Records:
────────────────────
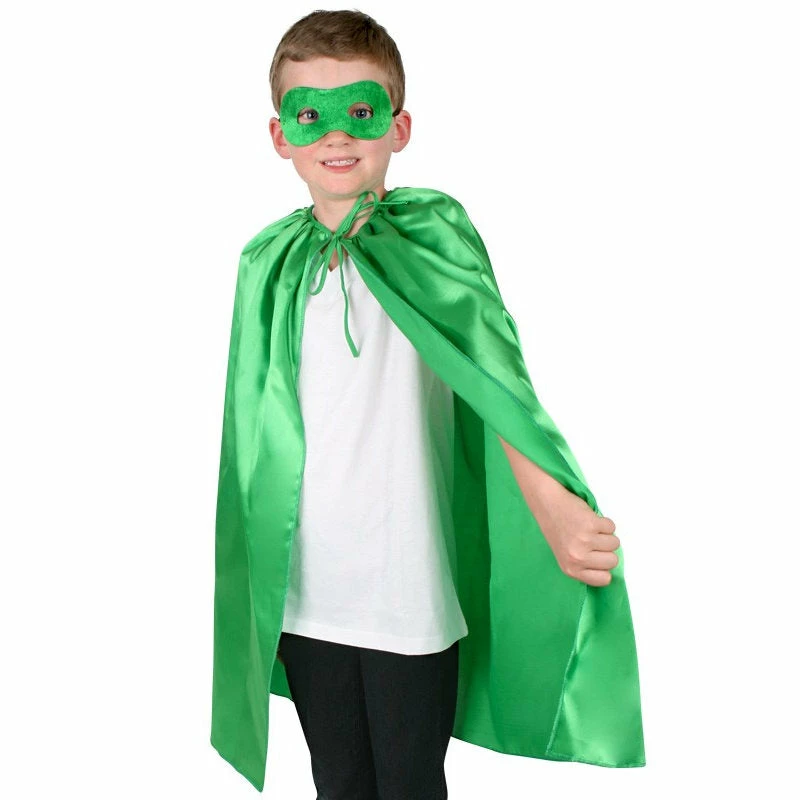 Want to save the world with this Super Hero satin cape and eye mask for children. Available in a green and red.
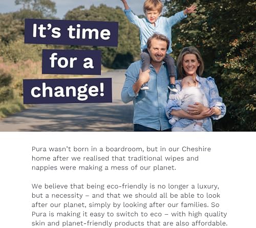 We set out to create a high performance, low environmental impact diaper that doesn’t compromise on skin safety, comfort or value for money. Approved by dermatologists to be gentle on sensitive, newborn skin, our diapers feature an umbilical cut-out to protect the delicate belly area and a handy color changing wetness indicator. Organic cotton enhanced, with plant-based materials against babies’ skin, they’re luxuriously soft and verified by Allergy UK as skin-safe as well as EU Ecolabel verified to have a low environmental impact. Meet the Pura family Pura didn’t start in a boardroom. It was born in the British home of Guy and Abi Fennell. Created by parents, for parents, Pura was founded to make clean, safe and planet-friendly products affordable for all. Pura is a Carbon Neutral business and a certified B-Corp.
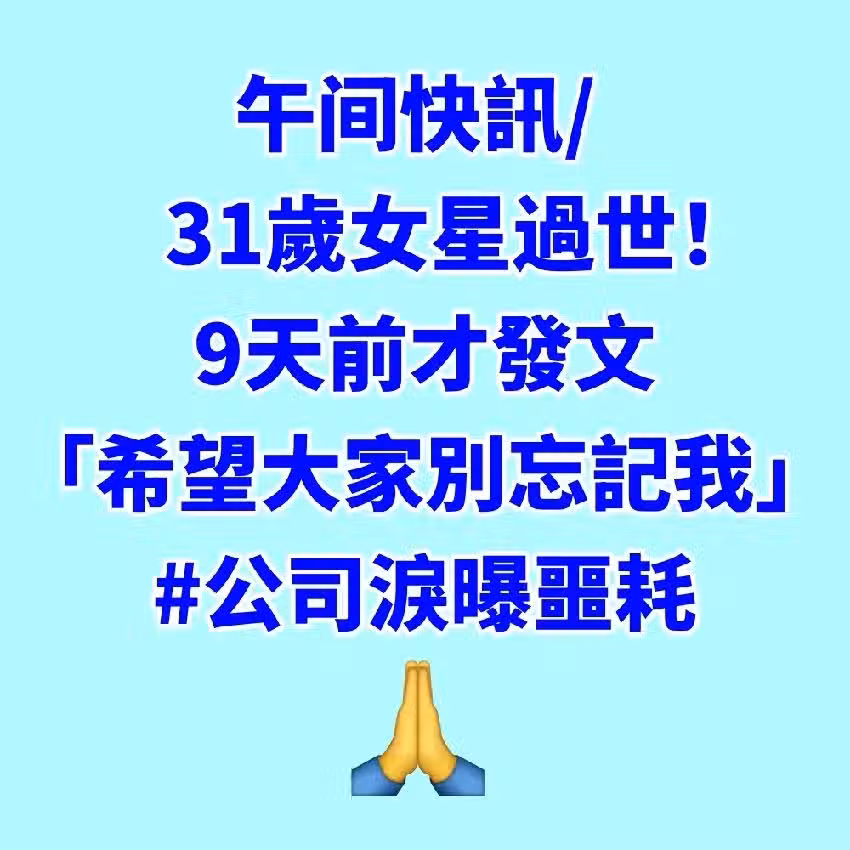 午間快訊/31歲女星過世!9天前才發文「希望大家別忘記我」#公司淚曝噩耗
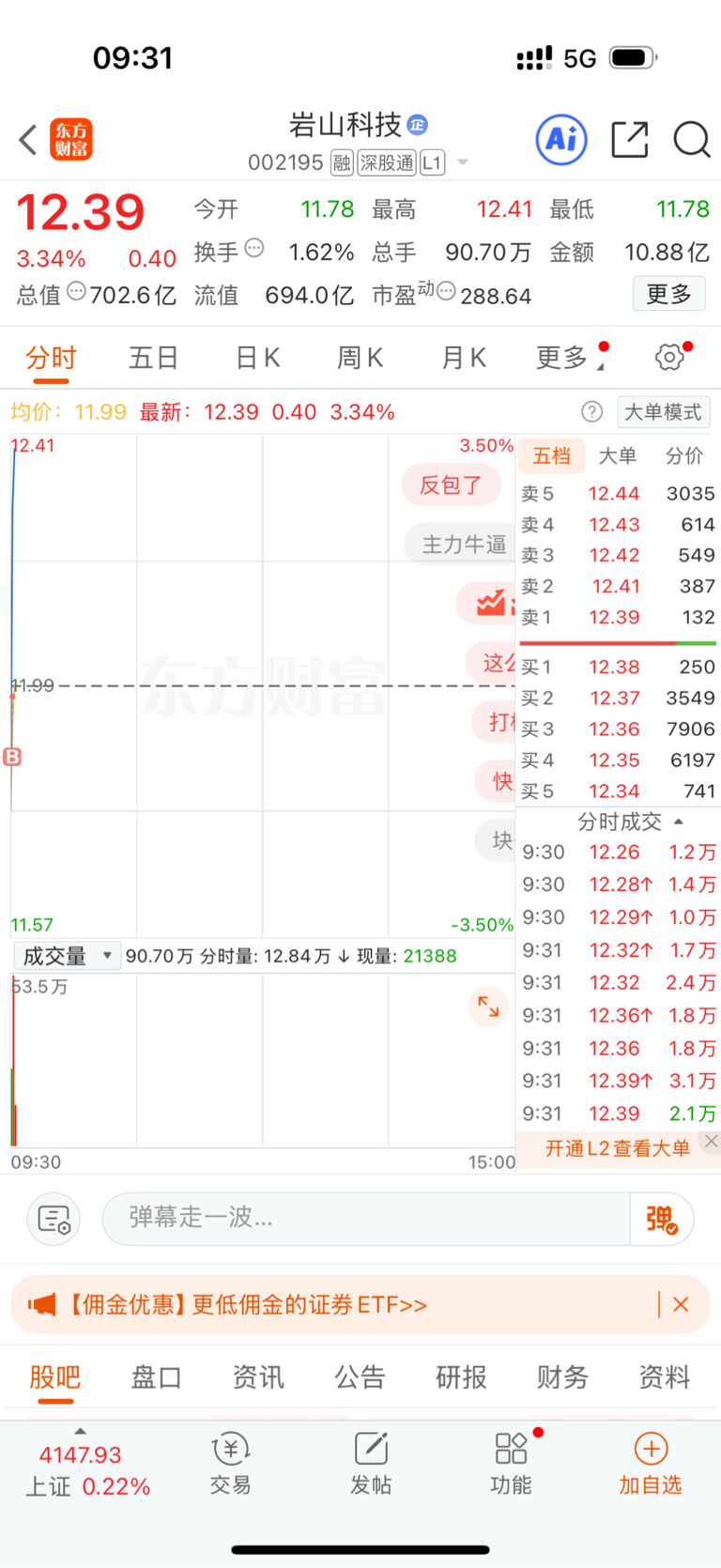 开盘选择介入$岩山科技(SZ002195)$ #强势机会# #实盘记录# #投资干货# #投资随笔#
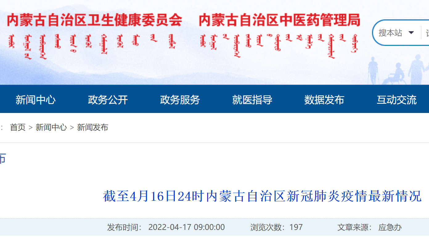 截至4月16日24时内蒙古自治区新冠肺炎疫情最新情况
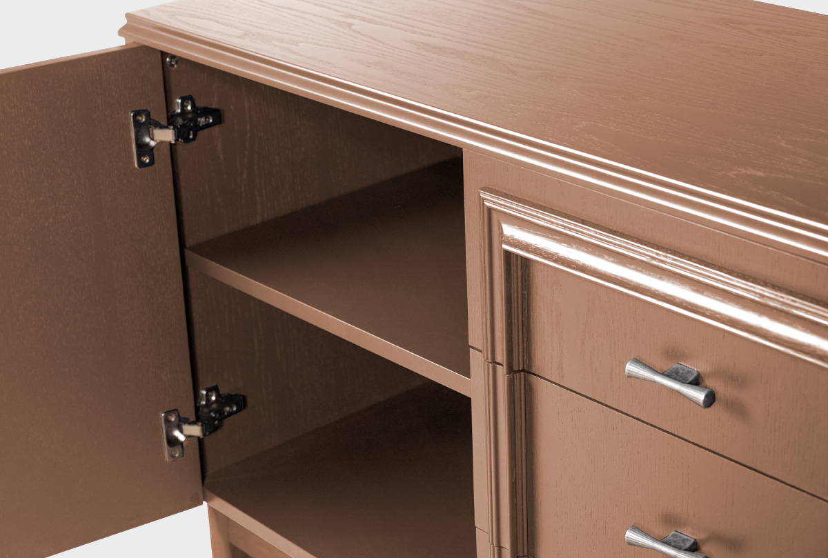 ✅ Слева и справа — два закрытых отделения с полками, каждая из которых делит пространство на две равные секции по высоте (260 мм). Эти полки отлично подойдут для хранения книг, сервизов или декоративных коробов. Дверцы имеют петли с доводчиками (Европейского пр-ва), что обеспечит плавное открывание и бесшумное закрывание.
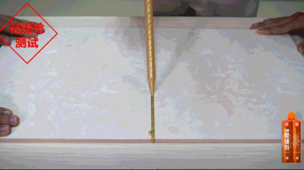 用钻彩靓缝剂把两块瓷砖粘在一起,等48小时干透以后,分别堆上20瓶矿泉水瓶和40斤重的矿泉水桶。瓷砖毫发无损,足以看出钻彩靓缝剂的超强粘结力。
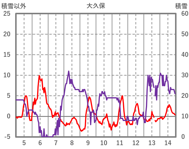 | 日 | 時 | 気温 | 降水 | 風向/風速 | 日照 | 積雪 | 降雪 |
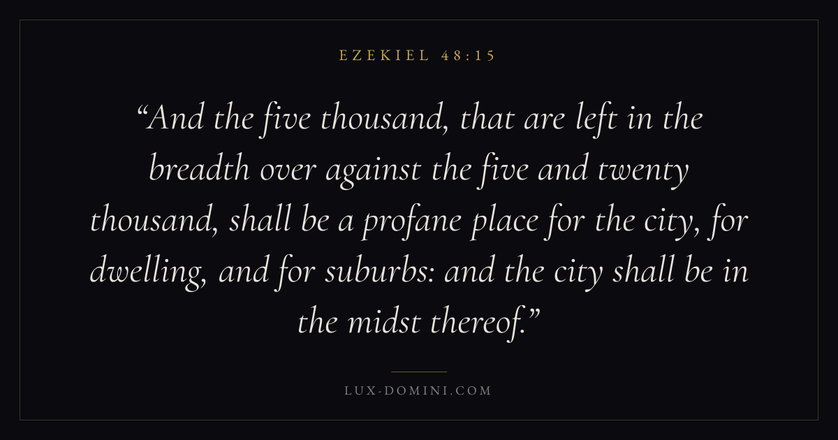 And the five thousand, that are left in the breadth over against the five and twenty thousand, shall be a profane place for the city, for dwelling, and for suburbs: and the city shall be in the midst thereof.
────────────────────
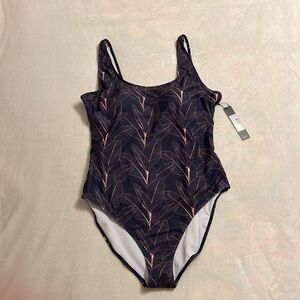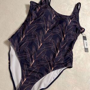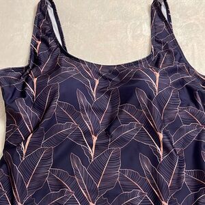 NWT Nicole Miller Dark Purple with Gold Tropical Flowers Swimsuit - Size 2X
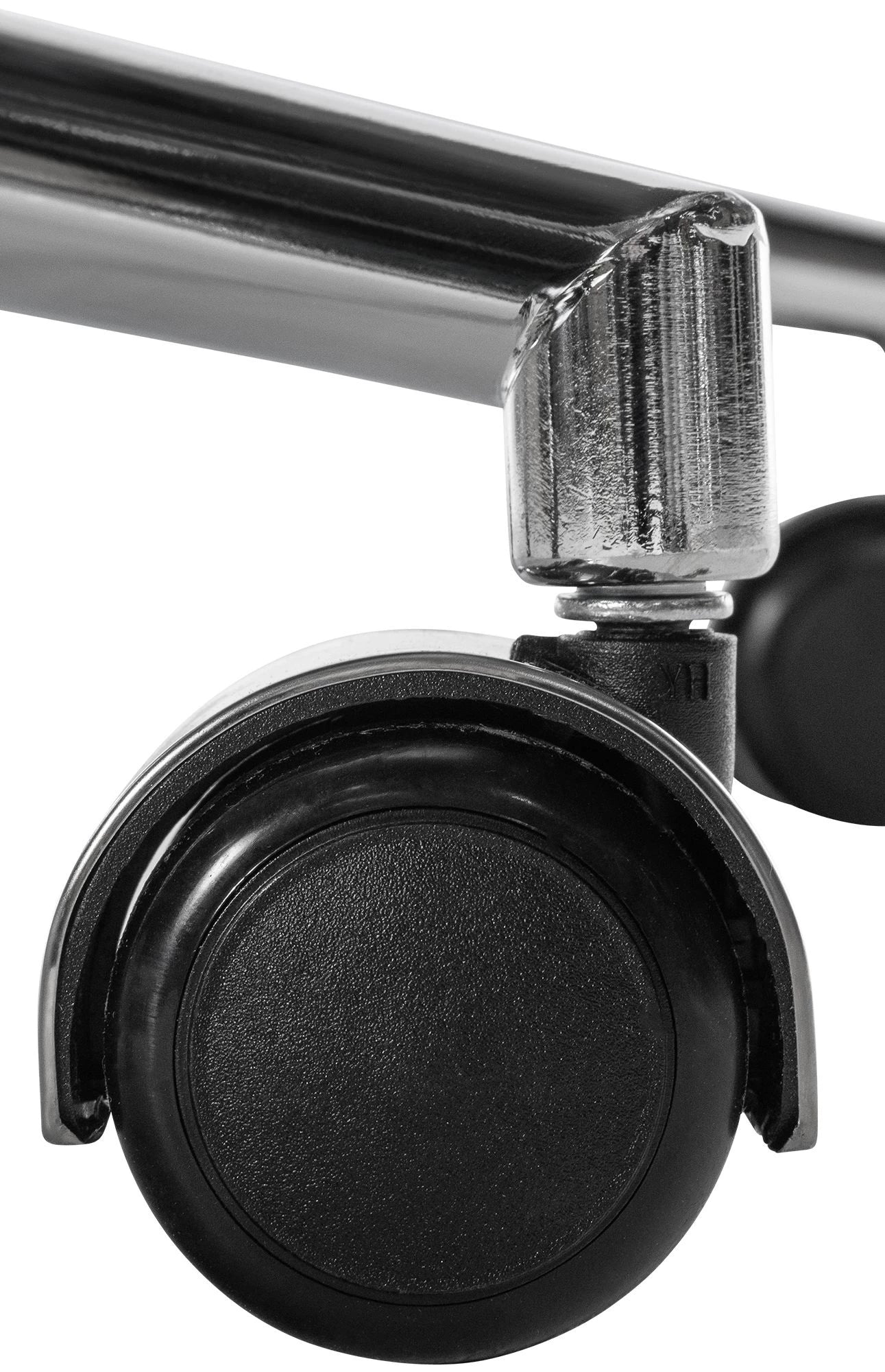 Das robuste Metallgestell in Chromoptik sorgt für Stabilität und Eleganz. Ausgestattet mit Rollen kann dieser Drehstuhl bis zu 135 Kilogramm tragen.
────────────────────
Aim of the exercise: Return the stretch of data that begins with the line showing "日照 | 積雪 | 降雪 |" and goes on through the line showing "And the five", exactly, with pictures removed.

Problem solution:
 | 日 | 時 | 気温 | 降水 | 風向/風速 | 日照 | 積雪 | 降雪 |
 And the five thousand, that are left in the breadth over against the five and twenty thousand, shall be a profane place for the city, for dwelling, and for suburbs: and the city shall be in the midst thereof.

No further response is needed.